Molecular note: A neomycin resistance cassette replaced part of exon 3 and all of exons 4 - 8 of the gene, resulting in the loss of most of the extracellular domain and all of the transmembrane and cytoplasmic domains of the protein.

Allele

Symbol: Hprt1^b-m3
Name: hypoxanthine guanine phosphoribosyl transferase B, mutation 3
MGI accession ID: MGI:1857299
Generation method: Spontaneous
Synonyms: Hprt^-
Marker symbol: Hprt1
Marker name: hypoxanthine phosphoribosyltransferase 1
Marker synonyms: HGPRT; Hgprtase; Hprt
Chromosome: X
Strain of origin: 129P2/OlaHsd
Molecular note: The allele contains a ~55 kb deletion spanning the promoter and first 2 exons. Subsequent direct sequence comparison with wild type DNA defined the exact breakpoints of the deletion, which lies 415 bp after the 3' end of exon 2, and determined the deletion size to be 36 kb (chrX:52,052,497-52,088,500 MM39).
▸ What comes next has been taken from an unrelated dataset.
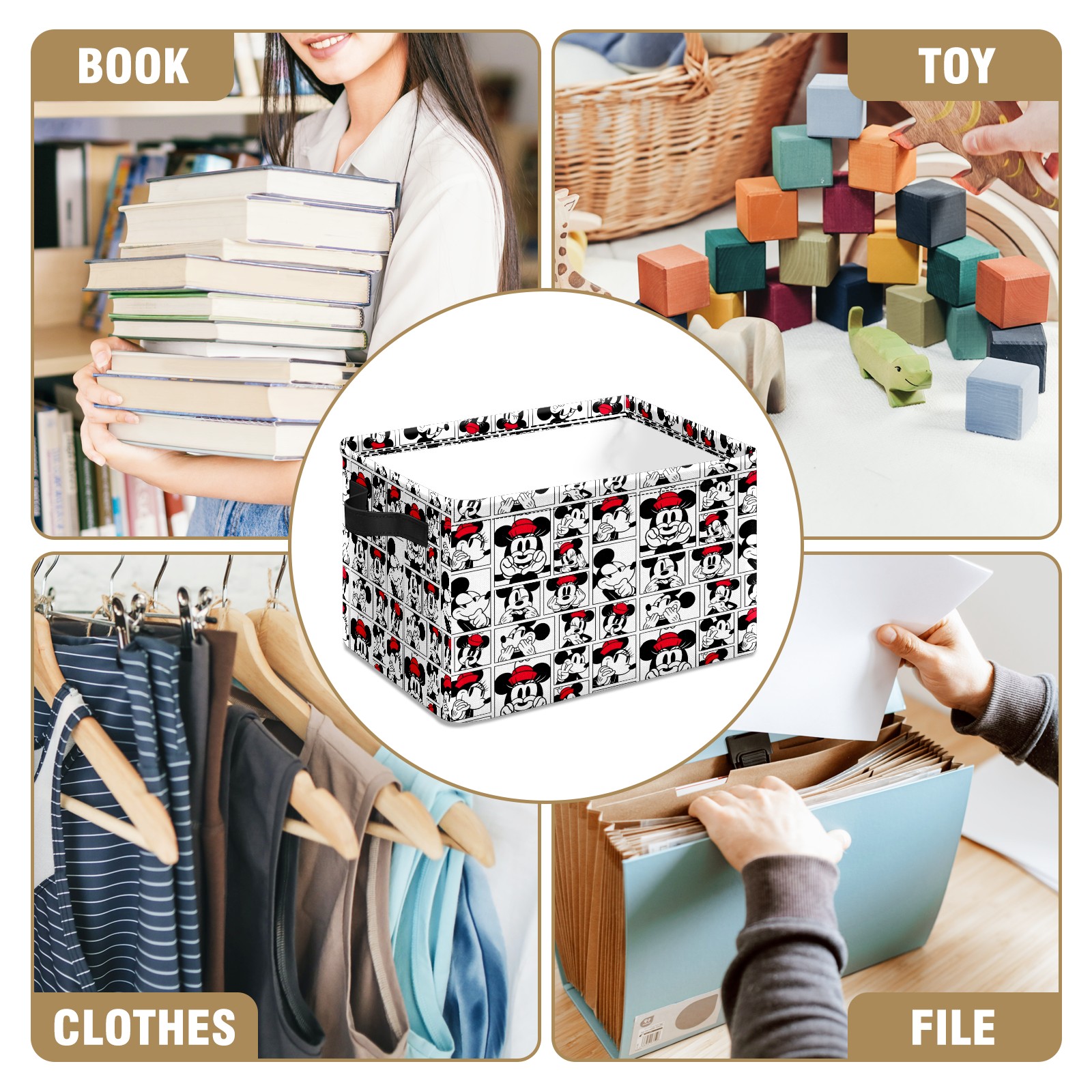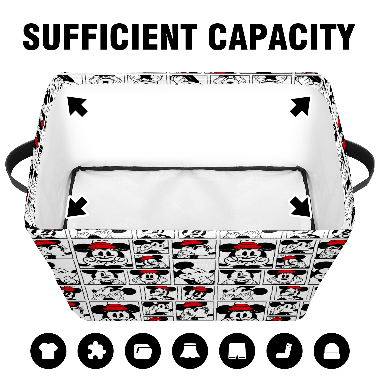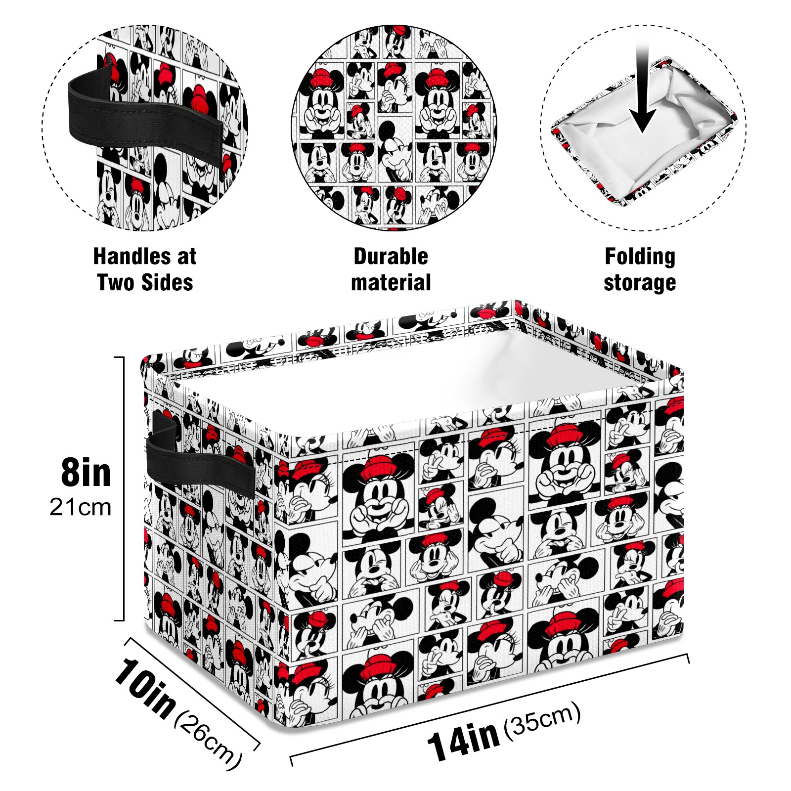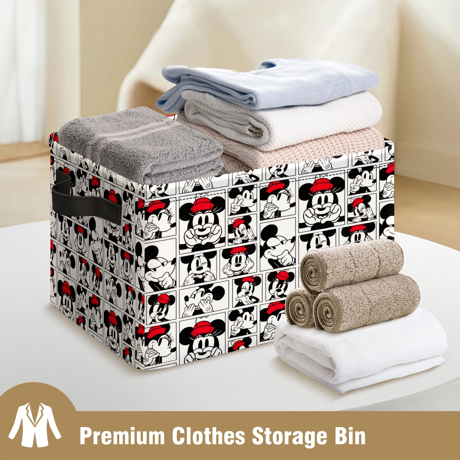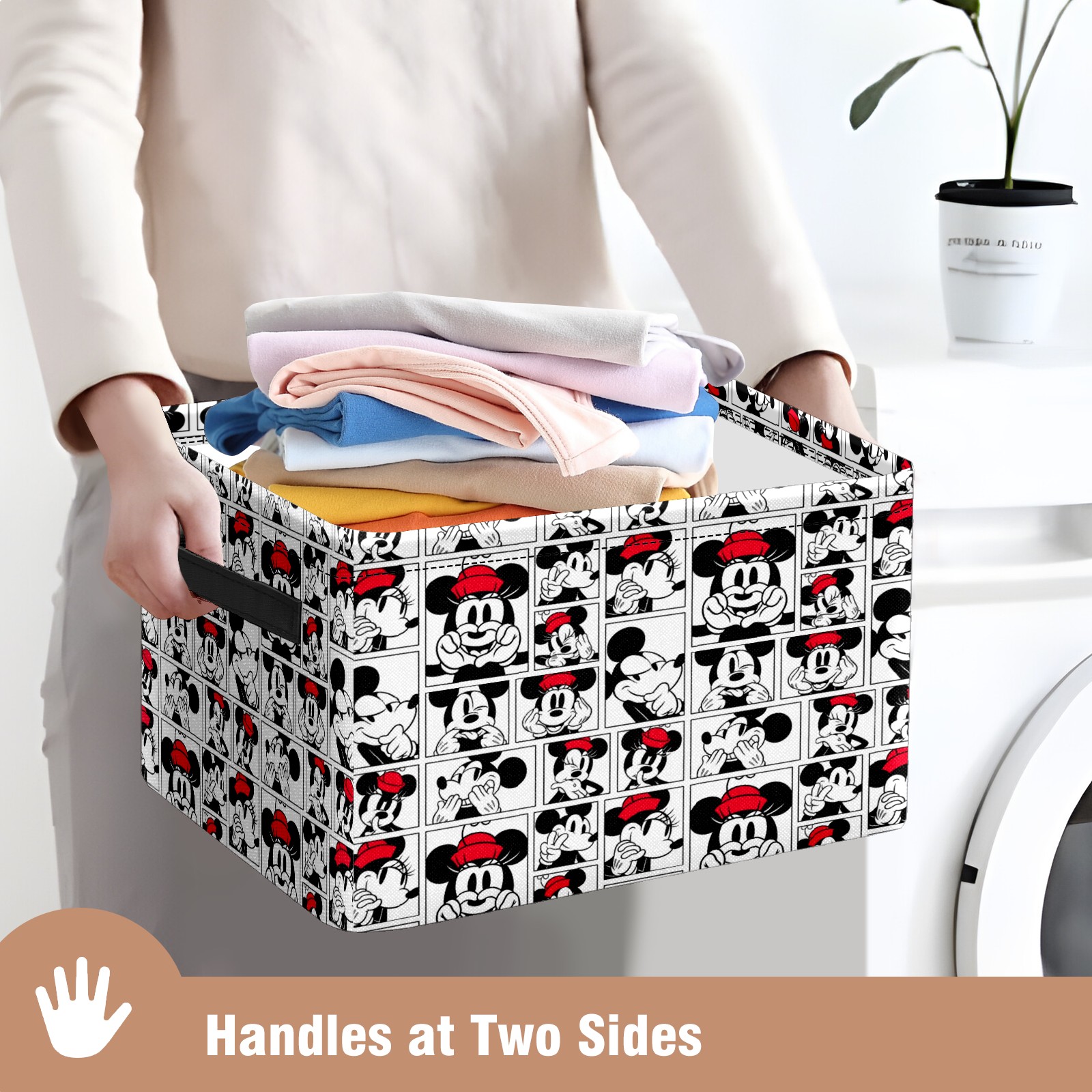 Foldable and Stackable Fabric Storage Basket for Home Organization with Handles, Decorative Closet Bins for Shelves and Laundry Storage( Funny Mickey Minnie Music Pattern)
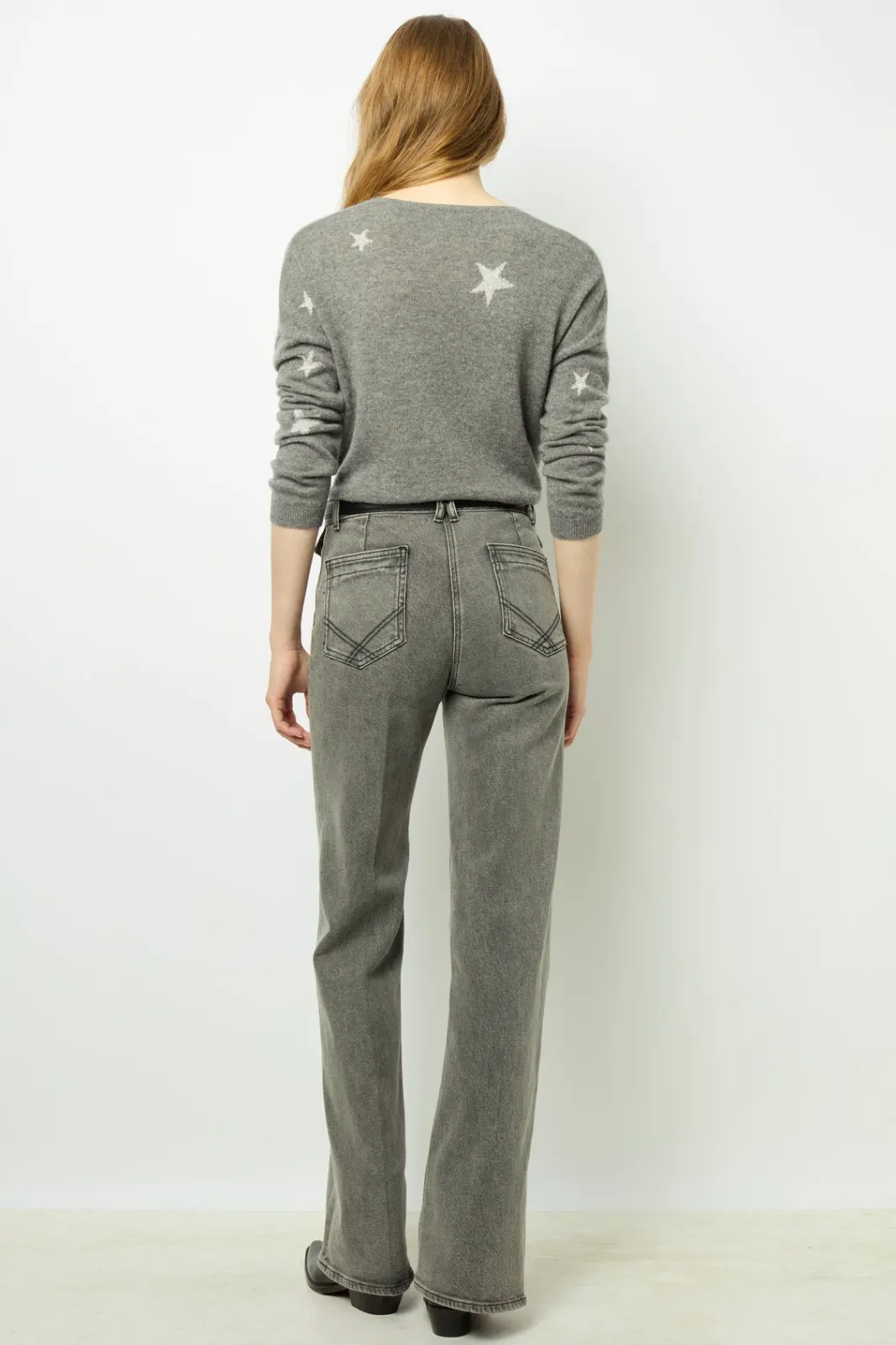 Fancy chic, 100% cashmere V-neck sweaterwith lurex stars.-Straight cut-Star pattern-Standard length-Dropped sleeves-V-ne…

General note: HPRT- embryonic stem cells were obtained by selecting for spontaneous mutation by incubation in medium containing 6-thioguanine. HPRT- males have no overt phenotype of abnormal behavior (J:15483). The mutation is due to a large deletion in the Hprt gene. In situ hybridization studies showed HPRT mRNA in high levels in most neurons, but not in glial cells, in normal mice. No HPRT mRNA was detected in the brains of male mice carrying this deletion (J:2058). Mutant mice have no HPRT detectable by Western blot analysis and no detectable HPRT enzyme activity in brain homogenates. They appear to have normal brain purine content, but de novo purine synthesis is accelerated four- to fivefold (J:11842). The Hprt^b-m3 mutation has been used in preimplantation studies to determine when the maternal and paternal alleles of Hprt are activated during early embryonic development (J:2389). Either administration of amphetamine (J:1847) or inhibition of adenine phosphoribosyltransferase (APRT) activity (J:4123) stimulates locomotor and stereotypic behaviors in HPRT-deficient mice. However, the null mutant for both Hprt and Aprt does not show the characteristics of Lesch-Nyhan disease (J:35822). Cells from mice hemizygous or homozygous for this mutation are HPRT-deficient and resistant to the drug 6-thioguanine (6TG).